Omnès is a theoretical physicist from the Université de Paris XI in Orsay. Before changing his focus to the foundations of quantum mechanics, he worked on particle and field physics. In his answer to a referee of the first major publication of his proposal, Omnès highlighted his own contribution to the consistent history approach. Asked about “what is common and what is different in [his] approach with Griffith’s [sic] history description,” he replied that “as far as mathematical techniques are concerned, Griffith’s [sic] construction is used,” and added “the conceptual foundations are different because what is proposed here is a revision of the logical foundation of quantum mechanics” (Omnès 1987, 172). Omnès revealed in this answer his intellectual heritage, that of the modern axiomatization which comes from the mathematician David Hilbert. Omnès acknowledges this influence through his debts to Henri Cartan’s teachings (Omnès 1988a, 931). In three-paper follow up, he developed the logical and theoretical machinery that allowed him “to construct consistent Boolean logics describing the history of a system, following essentially Griffiths’s proposal” (Omnès 1988a, 893).

While Omnès recognized discussions with other physicists interested in the foundations of quantum physics, such as Bell, Jean-Pierre Vigier, and mainly Bernard d’Espagnat, he did not relate his work to the ongoing controversy over quantum physics, except for Griffiths’s contributions. In particular, he did not cite Everett’s interpretation, a distance he would keep. Furthermore, while he admitted Bohr’s shortcomings—“when singling out strict classical physics for expressing experimental data, Bohr was creating new, deep problems” (Omnès 1999, 52)—he tended to present the entire consistent history approach as “significant progress […] towards a consistent and complete reformulation of the Copenhagen interpretation” (Omnès 1992, 339).

In contrast, Gell-Mann and Hartle came from very different backgrounds; it was the quantization of gravitation which led them to foundations of quantum physics, as they acknowledged in their first joint paper: “we will discuss the implications of quantum cosmology for one of the subjects of this conference—the interpretation of quantum mechanics” (Gell-Mann and Hartle 1989, 322). Previously, in 1983, Hartle, in collaboration with Stephen Hawking, had worked out what is now known as the Hartle-Hawking wave function of the universe, a solution of the Wheeler-DeWitt equation for quantizing gravitation. In the late 1980s, Hartle from the University of California, Santa Barbara, and his former PhD supervisor, the particle physics 1969 Nobel Prize winner Gell-Mann from the California Institute of Technology, approached the issue of interpreting quantum mechanics. The main merit of their contribution was to associate the attribution of classical probabilities in quantum systems as preached by Griffiths and Omnès with decoherence, a quantum feature whose understanding was just emerging. The connection was that “decoherence requires a sufficiently coarse-grained description of alternative histories of the universe” (Gell-Mann and Hartle 1989, 321; 1990, 425). According to Gell-Mann, “coarse graining typically means following only certain things at certain times and only to a certain level of detail” (Gell-Mann 1994, 144). While the first papers they jointly published were more programmatic, they eventually published a more technical work in which “the connections among decoherence, noise, dissipation, and the amount of coarse graining necessary to achieve classical predictability are investigated quantitatively” (Gell-Mann and Hartle 1993, 3345).

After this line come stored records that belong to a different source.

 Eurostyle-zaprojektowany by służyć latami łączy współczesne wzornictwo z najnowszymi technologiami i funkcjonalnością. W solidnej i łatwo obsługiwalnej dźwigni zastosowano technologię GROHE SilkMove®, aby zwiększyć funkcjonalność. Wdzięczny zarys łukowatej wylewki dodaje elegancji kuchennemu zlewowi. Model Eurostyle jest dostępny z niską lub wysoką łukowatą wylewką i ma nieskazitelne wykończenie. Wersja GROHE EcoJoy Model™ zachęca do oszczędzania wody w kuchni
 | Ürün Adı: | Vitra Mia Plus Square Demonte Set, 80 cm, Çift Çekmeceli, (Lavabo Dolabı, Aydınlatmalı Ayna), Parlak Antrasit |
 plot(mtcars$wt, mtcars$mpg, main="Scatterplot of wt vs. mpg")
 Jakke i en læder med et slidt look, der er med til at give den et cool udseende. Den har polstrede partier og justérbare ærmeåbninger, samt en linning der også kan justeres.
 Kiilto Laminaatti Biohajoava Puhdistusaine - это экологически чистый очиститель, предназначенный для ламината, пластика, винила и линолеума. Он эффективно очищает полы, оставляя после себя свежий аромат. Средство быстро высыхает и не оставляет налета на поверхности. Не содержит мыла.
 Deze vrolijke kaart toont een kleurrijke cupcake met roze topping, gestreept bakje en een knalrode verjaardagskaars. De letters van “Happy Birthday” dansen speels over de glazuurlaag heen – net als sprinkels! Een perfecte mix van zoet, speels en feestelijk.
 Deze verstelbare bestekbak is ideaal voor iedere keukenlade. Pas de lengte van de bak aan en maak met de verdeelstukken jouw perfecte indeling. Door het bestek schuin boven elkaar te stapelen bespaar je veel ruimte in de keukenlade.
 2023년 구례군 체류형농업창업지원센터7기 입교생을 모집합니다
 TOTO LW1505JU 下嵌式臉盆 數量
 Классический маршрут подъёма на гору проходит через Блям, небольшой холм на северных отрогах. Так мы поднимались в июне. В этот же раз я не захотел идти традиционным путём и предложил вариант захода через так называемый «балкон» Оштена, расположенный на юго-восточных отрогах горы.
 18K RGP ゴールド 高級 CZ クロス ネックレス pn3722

As for affiliations, Gell-Mann and Hartle departed from the point of view that all standard interpretations, Copenhagen included, which presuppose a classical domain or an external observer, are inadequate for cosmology because “measurements and observers cannot be fundamental notions in a theory that seeks to discuss the early universe when neither existed.” They acknowledged Everett as the first to suggest “how to generalize the Copenhagen framework so as to apply quantum mechanics to cosmology.” However, they considered Everett’s work incomplete as Everett was not able to “adequately explain the origin of the classical domain or the meaning of the ‘branching’ that replaced the notion of measurement” (Gell-Mann and Hartle 1990, 429–430). Thus, Gell-Mann and Hartle considered the works of Wojciech Zurek, Erich Joos and Zeh with regard to decoherence as a “post-Everett” stage, and included this trend into their own proposal, along with Griffiths’s and Omnès’s (Gell-Mann and Hartle 1990). Later, in a book for a wider audience, Gell-Mann made a distinction between the interpretation of quantum mechanics by the founding fathers and the modern one. The former he considered marked by a “curiously restrictive and anthropocentric fashion,” as it was based on the existence of observers and classical domains, while the latter was presented as an approach still under construction (Gell-Mann 1994, 136 and ch. 11–12).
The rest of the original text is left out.